Dalam kesempatan yang sama, Kepala Kanwil Kementerian Hukum Sumatera Selatan, Maju Amintas Sibuarian, menegaskan bahwa Posbakum dirancang untuk menjangkau masyarakat hingga lapisan terbawah.
“Negara harus hadir sampai ke desa. Posbakum ini menjadi pintu pertama bagi masyarakat untuk mendapatkan informasi, konsultasi, hingga pendampingan hukum. Tidak boleh ada warga yang kesulitan mengakses keadilan hanya karena keterbatasan jarak atau biaya,” jelasnya.
Ia juga menekankan pentingnya sinergi antara pemerintah daerah dan aparatur desa agar layanan ini benar-benar berjalan efektif.

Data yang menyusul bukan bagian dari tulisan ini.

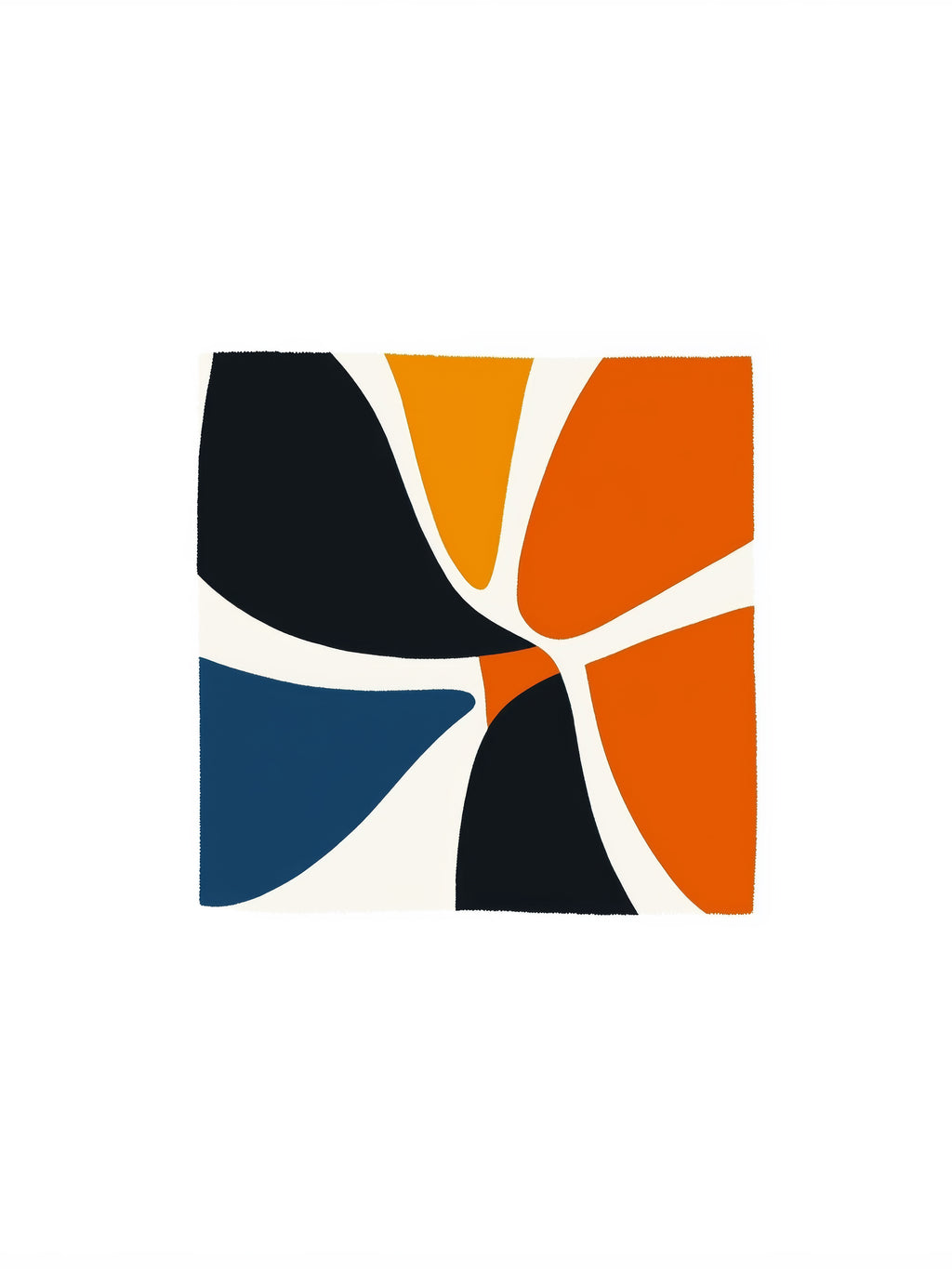 Formas orgânicas em preto, azul, laranja e vermelho se unem como pétalas de uma flor geométrica. Uma obra vibrante que transmite vitalidade e movimento.

“Keberhasilan Posbakum sangat ditentukan oleh peran aktif pemerintah desa. Mereka yang paling dekat dengan masyarakat, sehingga menjadi kunci dalam menyosialisasikan dan mengoptimalkan layanan ini,” katanya.
Sebagai bentuk apresiasi, Kanwil Kementerian Hukum Sumatera Selatan juga memberikan penghargaan kepada Kepala Desa Gunung Sugih, Kecamatan Semendawai Suku III, atas peran aktif dalam mendukung pembentukan Posbakum.
Rangkaian kegiatan ditutup dengan kunjungan lapangan ke Kelurahan Paku Sengkunyit dan Kelurahan Terukis Rahayu, Kecamatan Martapura, guna memastikan kesiapan implementasi layanan di tingkat lokal.
Melalui langkah ini, Pemkab OKU Timur berharap Posbakum tidak hanya menjadi fasilitas administratif, tetapi benar-benar menjadi solusi nyata bagi masyarakat dalam mendapatkan keadilan mulai dari desa.